Americans Smuggle Eggs from Mexico Amid Soaring Prices due to Bird Flu and Rising Costs.

US Mexico Border:

Well well well, it looks like the price of eggs has flown the coop and Americans are feeling the pinch! Who would have thought that a little bird flu and a few extra bucks for feed, fuel, and labor would result in egg prices more than doubling in just a year? It’s enough to make a chicken cross the road to Mexico!

The Price of Eggs in 2023

Grocery shopping has become quite the adventure, with shoppers doing double-takes at the $4.25 average price for a dozen eggs, up from a measly $1.78 a year ago. But why settle for just one dozen eggs when you can have a whole carton for the same price? The eggs I buy are running $8.99; I always buy organic free range, but this HURTS.
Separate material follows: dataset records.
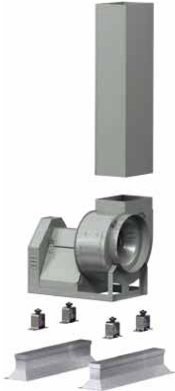
FumeJet with restrained isolators and GESS equipment supports

Greenheck's FumeJet systems are designed for quick installation and are pre-engineered to eliminate component misapplication and fit-up issues. FumeJet systems are designed for two installation types, equipment supports or roof curb mounted.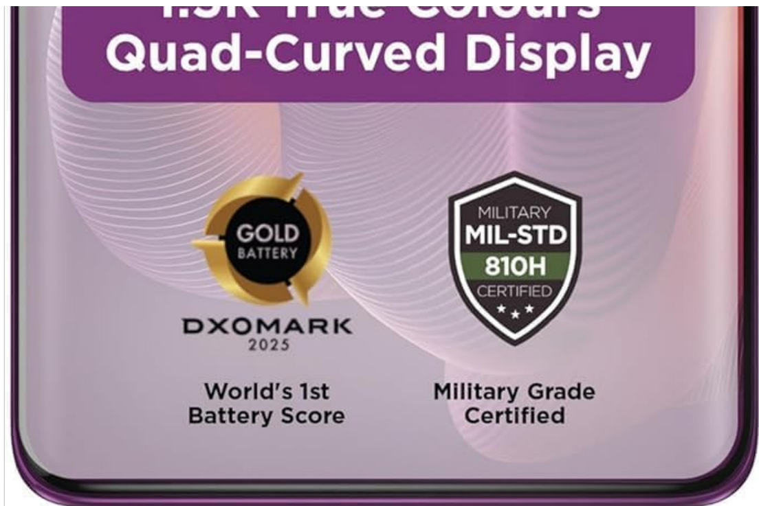
Image: Front view of the Motorola Moto Edge 60 Pro, highlighting its curved display and key features like the 50MP+50MP+50X AI Camera, Moto AI, and 1.5K True Colours Quad-Curved Display.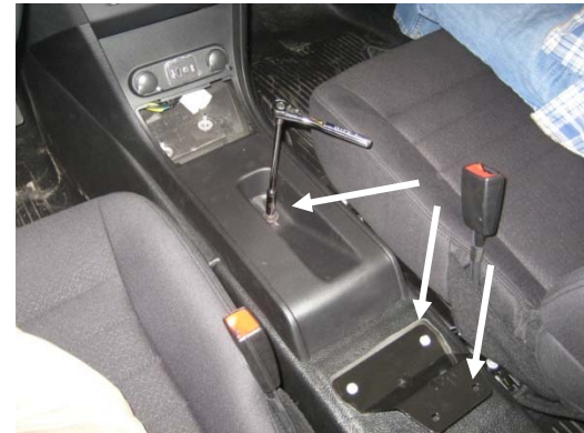
Remove bolts that hold underside of extrusion to rear floor bracket. (7/16 wrench) Remove rear floor bracket bolts and center console bolt. (10mm)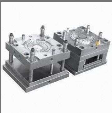
Injection Moulding Tools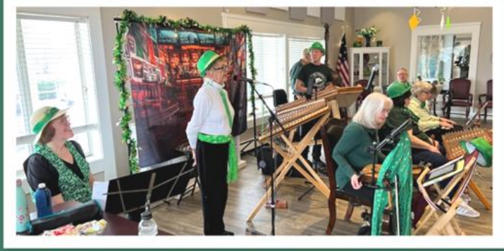
March was "Irish Month" with 3 Silver Strings playdates in Farmington, Brighton and Northville.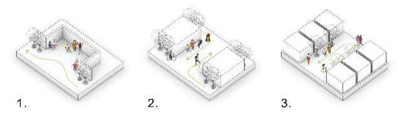
Fig. 8. There are different choices of street art performances in different urban public spaces; 1. Performance in semi-open space; 2. Performance in public space combined with transportation; 3. Performance in urban street space

Street art on the development of the surrounding business has a stimulating effect, urban public space for the audience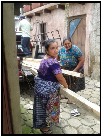
Last year's construction project

First Churches Mission Committee has kindly donated $200 towards Taq Rumial's chicken project for 2014/2015. The ladies are very grateful, and so am I. I hope to send the ladies some photos of the Mission Committee, First Churches families, and our church building. Irlanda is able to borrow a lap top from a friend, so can show emailed pictures. (Continued)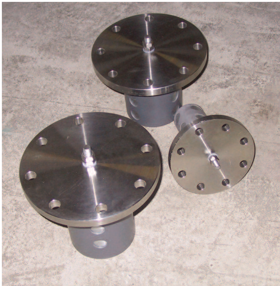
Fig. 4. Corrodium anodes with a stainless steel flange, used for seawater coolers etc. The electronic circuits are built in, eliminating the need for a separate housing or cables.

crack. The same applies to undersea duplex pipes which can be subject to excessive negative polarisation due to the protection system of the steel platform. All these problems are completely eliminated if intelligent or self-switching anodes are used. In addition, there is no risk of under protection, which in turn can also lead to undesirable corrosion.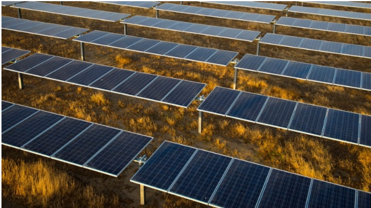
Figure A. Array of solar panels, oriented north-south.

Typically, each array consists of several dozen rows, with each row containing 80 portrait-oriented solar panels running north-south and each panel measures 78 inches by 39 inches or two meters by one meter (Figure A). (Some racking manufacturers allow for half or three-quarters sized rows.) The solar panels are mounted on single-axis tracking steel tubes powered by a motor with 24 volts of direct current (VDC). For each row, typically one small, dedicated solar panel powers the motor (Figure B). Depending on the slope and other site constraints, the solar facility's design will space the rows between 15 feet and 20 feet apart (Figure C). Driven "H" piles spaced 25 feet apart support the rows of panels and tracking steel tubes (Figure D). Manufacturers design their racking systems to withstand 100 miles per hour (mph), three-second-wind gust (ASCE 7-10). The entire array is a self-grounding structure.

US Citizens Smuggling Eggs From Mexico 

And, as if that weren’t enough, customs data shows that the number of eggs being smuggled across the US-Mexico border has gone through the roof. The El Paso, Texas field office saw a 91 percent increase, Laredo, Texas saw a 301 percent increase, Tucson, Arizona saw a 333 percent increase, and San Diego, California saw a 368 percent increase compared to the same period the previous year. It’s enough to make you crack up, in a bad way!

CBP Supervisory Agricultural Officer Charles Payne talks about egg seizures at Paso del Norte port of entry. (Border Report)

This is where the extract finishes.